Итак, нет смысла искать замену Публиколе. Пушкин почему-то разделил античного Брута на две персоны, одной из которых приписал роль инициатора возмущения, а другой – изгнание царей. Шекспир здесь ни при чем, его имя – лишь знак сюжета, за которым скрыты другие реалии, существенно более близкие современникам Пушкина.

Отвечая на вопрос о том, зачем Пушкину понадобилась «слабая поэма», Б. Эйхенбаум концентрирует внимание на специфике исторических интересов Пушкина этого периода: «Пушкин изучает историю как человек, глубоко заинтересованный вопросом о судьбах русского самодержавия и дворянства, как друг декабристов, осведомленный об их намерениях и планах <…> Среди исторических занятий Пушкина видное место занимала римская история, тогда очень популярная. Имена римских императоров и героев были в ту пору обычными символами – и в поэзии, и в драме, и в ораторских речах»[108]. Чего по тем или иным причинам не сказал Б. Эйхенбаум? Того, что римская история и ее герои-тираноборцы были моделями исторической ситуации и личного поведения для будущих декабристов. Поэтому прежде всего значимым в «Лукреции» является то, что она поставлена на эпизоде из римской истории.

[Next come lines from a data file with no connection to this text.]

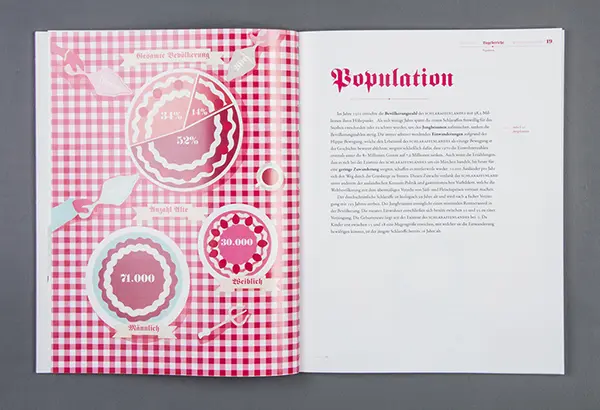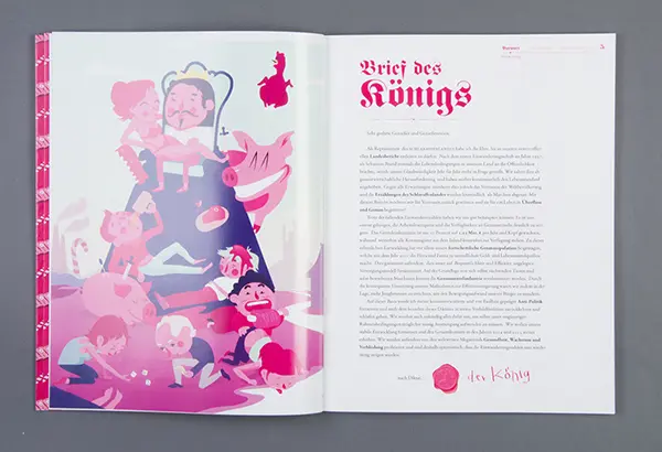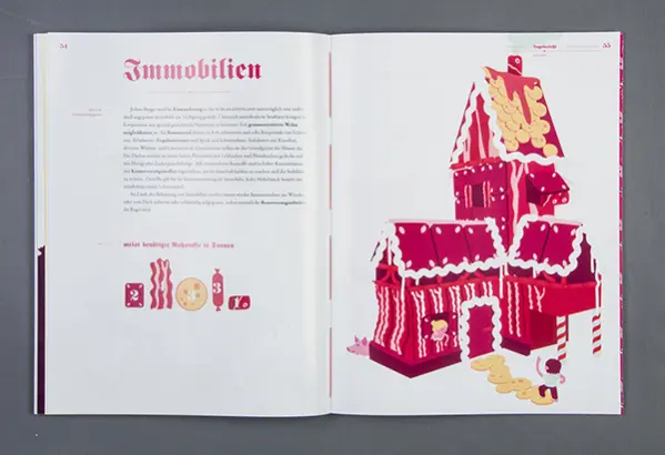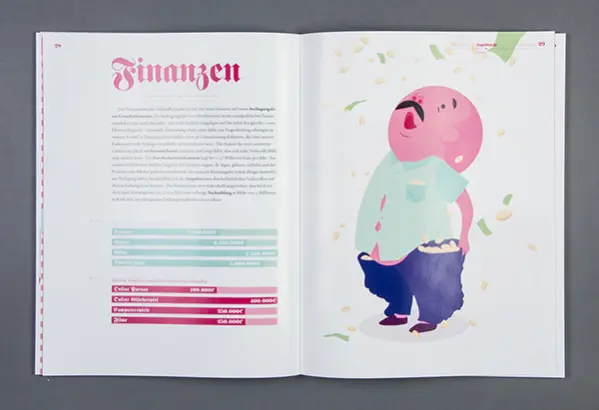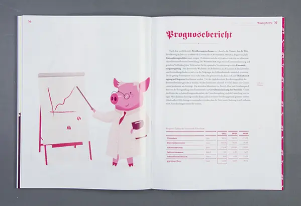Ein Semesterprojekt der FH Münster hat sich jenseits dieser biografischen Reihenfolge den Märchen angenommen und den Studenten die Aufgabe gegeben, sie in das Hier und Jetzt zu holen indem sie wie Geschäftsberichte aufbereitet werden. Damit verändert sich auf spannende Weise die Sichtweise auf die Märchen, die zwar inhaltlich gleich bleiben, so aber anders präsentiert werden. Ein Geschäftsbericht ist eine der wichtigsten Informationsquellen über Strategie, Tätigkeit und Erfolg des Unternehmens oder eben eines Märchens. Geschäftliche Entwicklungen kennzeichnen nicht nur den Verlauf vieler realer Geschehnisse, sie sind auch treibende Kraft hinter vielen klassischen Märchen. Da verwandelt sich manch arme Müllerin in eine Königstochter, Hans tauscht sein Gold in immer handlichere Währung, Schätze werden entdeckt oder gehen verloren und mittellose Schneider werden unversehens reiche Männer.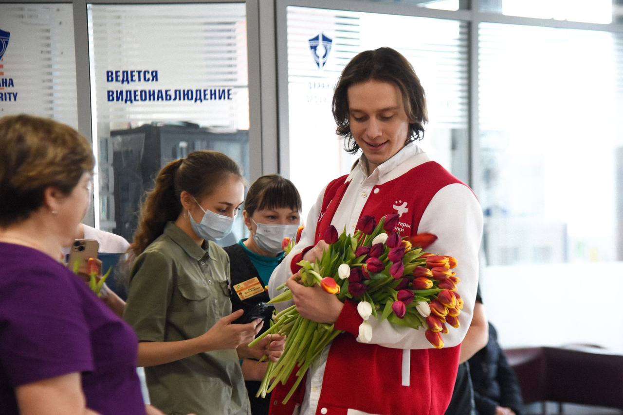 Волонтеры медики пришли поздравить персонал клиники с их самым нежным и добрым праздником, подарили им тюльпаны, сказали тёплые слова.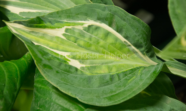 A fast growing sport of H. 'Pin-up', this cultivar was registered by Danny Van Eechaute from Belgium in 2012. It grows to a medium size about 13 inches high with a spread of around 30 inches. The blue-green foliage has a greenish yellow medial (center) variegation. It is moderately flat, ovate and has a glaucous bloom on top.  Pale lavender flowers bloom from June into July.

Рассказ Тита Ливия о насилии над Лукрецией сына царя Тарквиния Гордого заканчивается описанием восстания, поднятого Луцием Юнием Брутом, изгнанием царя вместе с сыном и установлением республиканского правления. Намерением декабристов также была смена силой оружия монархии на республику. Вот на что намекал Пушкин в «Заметке». Отсюда и появился Публикола – «друг народа», эвфемизм «республиканца».

Далее, в пушкинской заметке есть вычеркнутые слова после фразы «Брут не изгнал бы царей». Вычеркнутое читается как «Цари под кинжалом». По комментарию Б. Эйхенбаума, «Пушкин, очевидно, разумел расправу с царями»[109]. Почему «с царями», а не в единственном числе – с царем? Из Тита Ливия это не ясно. В связи с этим любопытно свидетельство Цицерона. В рассуждениях о том, что нравственно прекрасное дело, ведущее к пользе и благу, не может одновременно быть и позорным, Цицерон дает пример: «Когда первые граждане (Рима. – А. Б) решили уничтожить родню Гордого, имя Тарквиниев и память о царской власти – а это было полезно, – то позаботиться об отечестве было делом столь прекрасным в нравственном отношении, что даже Коллатин должен был это одобрить»[110]. Как известно, в планы декабристов входило свершение такого же деяния – истребление царской фамилии; и они считали подобное «нравственно прекрасным». Как видим, «камешки» летели совсем не в Шекспиров «огород».

Есть и «шпильки».

Пушкин прекрасно знал, что идея использовать сюжет «Лукреции» для «пародирования истории» принадлежит не ему. «Первопроходцами» были «молодые якобинцы», не согласные с исторической концепцией Карамзина, вычитанной ими из предисловия к «Истории государства Российского». «Некоторые остряки за ужином переложили первые главы Тита Ливия слогом Карамзина. Римляне времен Тарквиния, не понимающие спасительной пользы самодержавия <…>, – конечно, были очень смешны» (VIII, 68; курсив Пушкина – А. Б). Весьма возможно, что в ней фигурировали и Публикола, и Брут, и проповедники «прелести кнута». Эта пародия если и не навела Пушкина на мысль о пародировании исторической ставки самих пародистов, то, несомненно, могла в ней укрепить.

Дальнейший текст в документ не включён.